Monday, October 9, 2017

OCD, Anxiety, Depression, Sleep, and More

THIS IS OCD AWARENESS WEEK. According to The International OCD Foundation, about 1 in 200 children have OCD, which the organization says is about the same number of children with diabetes. Find out more about OCD Awareness Week.

READING, MATH DIFFICULTIES CONNECTED? Education Week wrote about recent research findings indicating that students with dyslexia often have problems with math, and that interventions helping one of the difficulties might help with the other. Read more.

SENG "MINI-CONFERENCE." The organization Supporting Emotional Needs of the Gifted has scheduled a one-day conference for November 18 at Bridges Academy in Studio City, California. If you're in the LA area, find out more.

MENTAL HEALTH CARE AT THE PEDIATRICIAN'S. The Brain and Behavior Research Foundation comments on research results released last summer on the effectiveness of interventions for anxiety and depression given in the pediatrician's office. BBRF says, "Children who received this treatment responded better than those who were referred to outpatient mental health care..." and that "One way to improve access to mental health care may be by delivering it at a place where children are more likely to visit—the pediatrician’s office." Read more.

ALSO ON ANXIETY AND DEPRESSION, a new study has provided the strongest evidence to date that exposure to bullying causes mental health issues such as anxiety years later. However, the study also showed that the detrimental effects of bullying decreased over time.
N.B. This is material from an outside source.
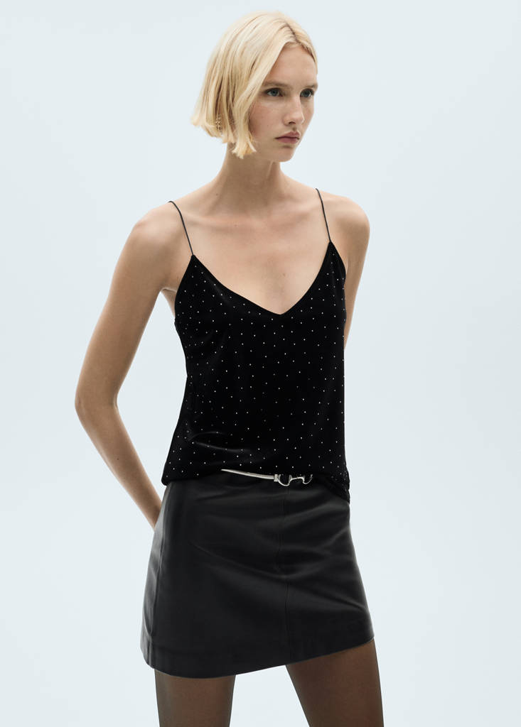 Tejido de terciopelo. Diseño recto. Cuello pico. Tirantes finos. Detalle de strass. Sin cierre. Colección fiesta, ceremonia y comunión

Find out more.

AND MORE: Teenagers who start high school before 8:30 a.m. are at higher risk of depression and anxiety, even if they're doing everything else right to get a good night's sleep, a recent study suggests. Find the study write-up.

AND MORE ON SLEEP. Australian researchers tracked over 3600 young people over seven years, finding that more than 25 percent reported sleep problems. Different factors seemed to cause problems at different ages, but the researcher noted that depression and anxiety were included among the causes: "It's a vicious circle. Depression and anxiety are well-established risk factors for sleep problems and people with sleep problems are often anxious or depressed." Read more.

HOW MANY OF YOU are confident that you know how to bring up your children in exactly the right way? That's the lead-off question in a TED talk on parenting, inspired by findings in a 70-year longitudinal study of children in Britain. The parent/scientist/journalist talked about factors that seem to lead to "success" in child development -- such as parents talking to the children, or putting the children to bed at a regular time -- and also about factors working against success -- such as being born poor. However, while the line "choose your parents very carefully" got a laugh during the talk, even children born into poor circumstances were affected positively by certain parental behaviors. Find the talk, and know that (for those who read faster than they listen) there's also a transcript (although you'll miss listening to a nice British accent, which most of us in America enjoy).